This could be New Delhi's moment to demonstrate both effective responses as well as establish greater collaboration among member states through a coordinated and shared response framework

Masks make a come back as Covid cases rise globally, in Lucknow on Friday. (Express Photo: Vishal Srivastav)
Masks make a come back as Covid cases rise globally, in Lucknow on Friday. (Express Photo: Vishal Srivastav)

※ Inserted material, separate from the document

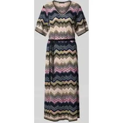 Gebreide jurk van Oui;Viscosemix met katoen;Recht model;Midi-jurk;V-hals;1/2-mouw;Strikceintuur;Ruglengte bij maat 36: 123 cm;Borstomvang bij maat 36: 51 cm;Mouwlengte bij maat 36: 28 cm

December 24, 2022 03:15 PM IST First published on: Dec 22, 2022 at 12:00 PM IST

In the backdrop of the surge in Covid-19 cases in Brazil, Japan, the US and Republic of Korea and in particular, the situation unfolding in China, India is on full alert and not taking chances. The Union health minister reviewed the situation on Wednesday and chalked out steps that aim to prevent another spike in India. To underscore the government’s seriousness, all those who attended wore face masks though it is no more mandated. The government has reaffirmed that “Covid is not over yet”. It has now advised people to mask up in crowded places and strengthen surveillance, including genomic surveillance.

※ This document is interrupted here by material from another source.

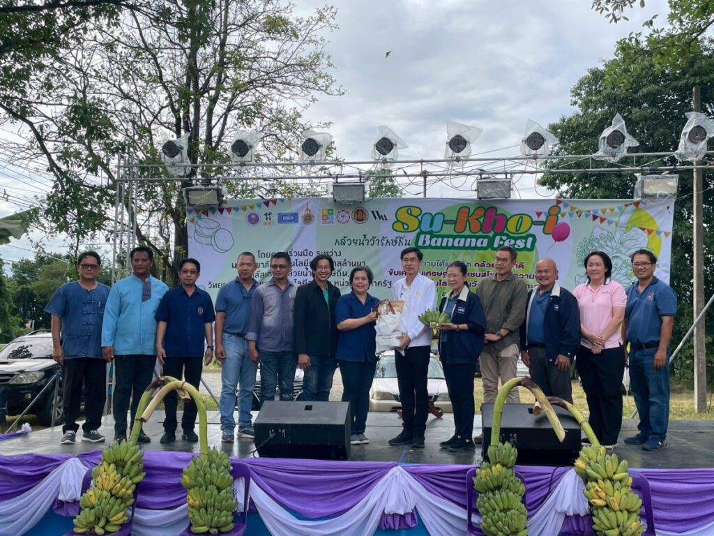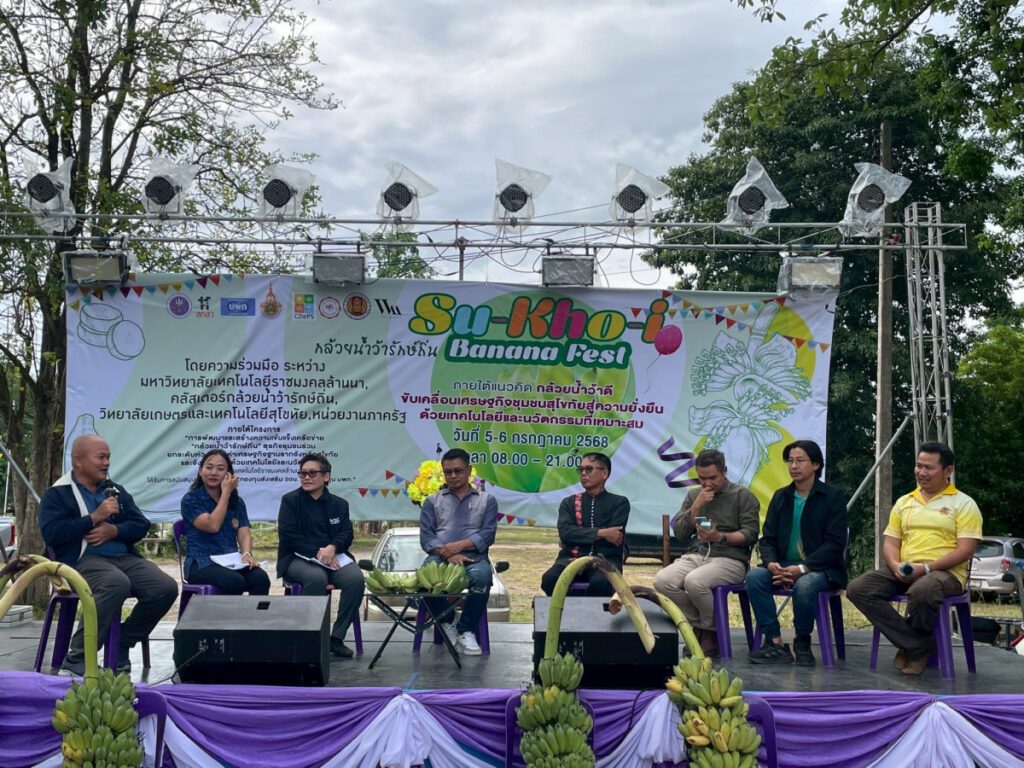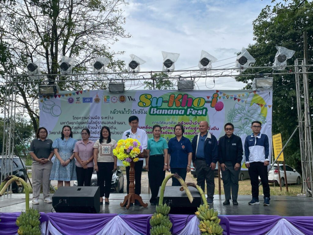 ดร.สุภาวดี แช่ม หัวหน้าชุดโครงการวิจัย สถาบันวิจัยเทคโนโลยีเกษตร มหาวิทยาลัยเทคโนโลยีราชมงคลล้านนา พร้อมด้วย รศ.ดร.รุ่งนภา ช่างเจรจา และ ดร.ภัทราภรณ์ ศรีสมรรถการ หัวหน้าโครงการย่อย ร่วมกับนักวิจัยจากมหาวิทยาลัยชั้นนำ อาทิ จุฬาลงกรณ์มหาวิทยาลัย มหาวิทยาลัยศรีนครินทรวิโรฒ และมหาวิทยาลัยธรรมศาสตร์ศูนย์ลำปาง จัดกิจกรรม Su-kho-i Banana Fest ณ ศูนย์แสดงและจำหน่ายสินค้าหนึ่งตำบลหนึ่งผลิตภัณฑ์ อำเภอสวรรคโลก จังหวัดสุโขทัย ระหว่างวันที่ 5-6 กรกฎาคม 2568 โดยได้รับเกียรติจาก นายธีรยุทธ สำราญทรัพย์ รองผู้ว่าราชการจังหวัดสุโขทัย เป็นประธานในพิธีเปิดงาน

During the week of 5-11 December, the number of new weekly cases increased by two per cent (as compared to the previous week) while weekly deaths increased by over 10 per cent. Cases declined in the South East Asia Region (that includes India) by a third (33 per cent). The Western Pacific Region (that includes China) marked a three per cent increase and the Region of the Americas recorded a 27 per cent rise. At the country level, the US registered a 50 per cent weekly increase and Japan and the Republic of Korea 13 per cent each.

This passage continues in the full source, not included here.